__Information provided__
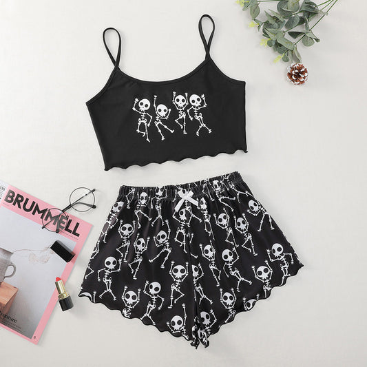 Split Sexy Bikini Printed Strap Tube Top Shorts Home Wear
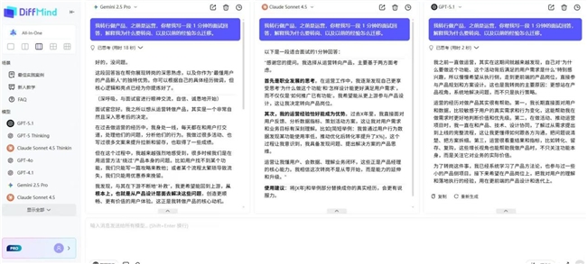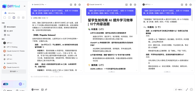 用 DiffMind 只需 2 步:在1 个输入框里写 “帮我写小红书失眠主题文案,受众 20-30 岁女性”→点击发送,GPT、Claude、Gemini 同时出结果,按列并排展示,不用切换平台,5 分钟就能选到满意版本,单次节省 50% 时间。
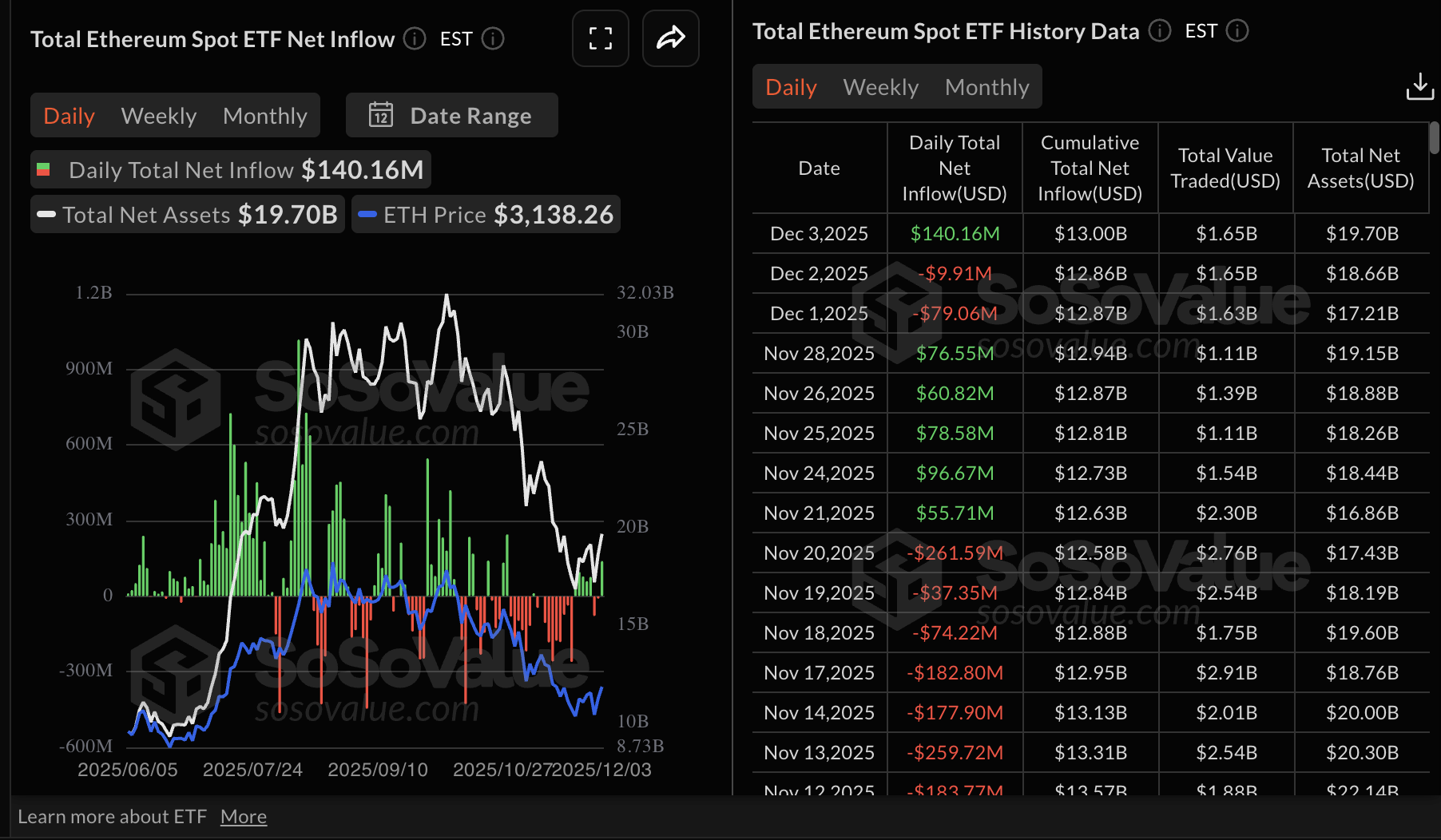 Ethereum-Spot-ETFs verzeichneten am Mittwoch Zuflüsse in Höhe von 140 Millionen US-Dollar, nachdem sie zwei Tage in Folge Abflüsse verzeichnet hatten. Am Dienstag beliefen sich die Abflüsse auf insgesamt 10 Millionen US-Dollar, während sie am Montag insgesamt 79 Millionen US-Dollar betrugen. Das kumulierte Nettozuflussvolumen beträgt durchschnittlich 13 Mrd. USD, bei einem Nettovermögenswert von 19,7 Mrd. USD zum 3. Dezember.

__Description of the task__
Copy out the material above in full and exactly, but with no pictures.

__Problem solution__
 Split Sexy Bikini Printed Strap Tube Top Shorts Home Wear
 用 DiffMind 只需 2 步:在1 个输入框里写 “帮我写小红书失眠主题文案,受众 20-30 岁女性”→点击发送,GPT、Claude、Gemini 同时出结果,按列并排展示,不用切换平台,5 分钟就能选到满意版本,单次节省 50% 时间。
 Ethereum-Spot-ETFs verzeichneten am Mittwoch Zuflüsse in Höhe von 140 Millionen US-Dollar, nachdem sie zwei Tage in Folge Abflüsse verzeichnet hatten. Am Dienstag beliefen sich die Abflüsse auf insgesamt 10 Millionen US-Dollar, während sie am Montag insgesamt 79 Millionen US-Dollar betrugen. Das kumulierte Nettozuflussvolumen beträgt durchschnittlich 13 Mrd. USD, bei einem Nettovermögenswert von 19,7 Mrd. USD zum 3. Dezember.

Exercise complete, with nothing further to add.